In public, most politicians will say that St. Maarten signed for financial supervision and that we simply have to live with it. But that does not mean that the Friendly Country is a willing participant.

That appears again from a question that popped up during the meeting between Parliament and Cft. The parliamentarians wanted to know, for instance, whether the Parliament should have the final say over the budget instead of the Cft.

We assume that this question is based on a gross misunderstanding. Of course the parliament has the final say over the budget – that is, over the political decisions. The Cft is not going to tell St. Maarten what it ought to spend its money on, or how it ought to generate revenue.

The financial supervisor is simply checking whether the budget meets previously agreed upon standards. Everybody knows what those standards are, and we don’t want to get technical here by explaining them all.

The point is, the budget has to be realistic and it should not be based on a pipe dream. One of the yard sticks for a reality check is the figure the government uses for the projection of economic growth. The higher that number, the easier it becomes to balance the budget – on paper.
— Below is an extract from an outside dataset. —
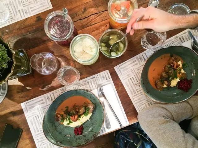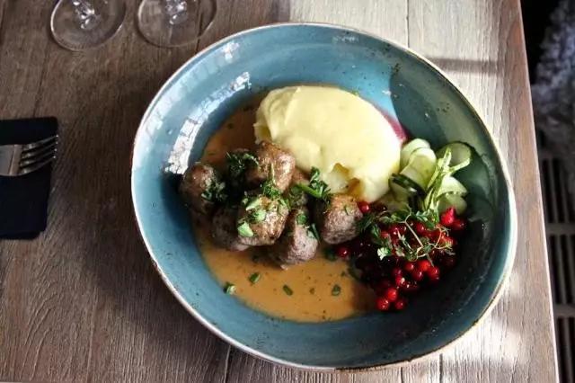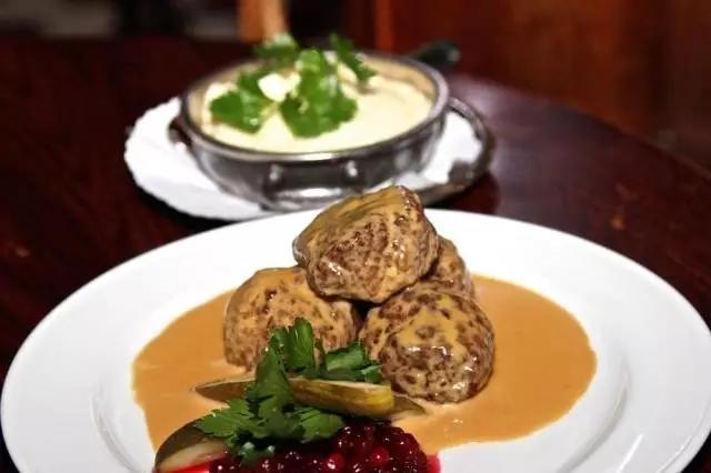 作为一家专注做肉丸的餐厅,这里的肉丸种类数不胜数,小牛肉、猪肉、牛肉、麋鹿肉、鹿肉、野猪肉甚至熊肉都可以做成肉丸。肉丸的口感取决于你的选择,入口即化、多汁浓郁或细密筋道。通常的肉丸是多汁的猪肉和牛肉搭配在一起,制成6-8个丸子,搭配土豆泥、越橘酱和腌黄瓜。

For 2011, the government took 1.3 percent economic growth as the basis for its calculations. We know now from a report written by the research department of the Central Bank that this figure falls in the pipe-dream category. Economic growth this year will remain flat, the analysts at the Central Bank say, or it could even be negative.

Local politicians do not like Central Bank reports that contain bad news. We remember that Vice Prime Minister Theo Heyliger more or less shrugged it off, saying that it was now up to St. Maarten to prove that the Central Bank is wrong.

Heyliger pointed out that the Central Bank has been wrong before with its predictions about St. Maarten’s economy. That could very well be true, but to use that as an argument against a serious report, assuming that those number crunchers in Curacao got it wrong again, seems a bit lighthearted, and even careless.

What if the Central Bank is right? What if the economy does show negative growth by year’s end? Would it not be better to anticipate such a situation instead of sticking our heads in the sand? Yep, that would be better, but as far as we are able to see that is not happening.

The only comforting thought is that the island’s budgets have been balanced on paper for years, that they have shown a deficit in almost all annual accounts since the early nineties, and that somehow we still are not bankrupt.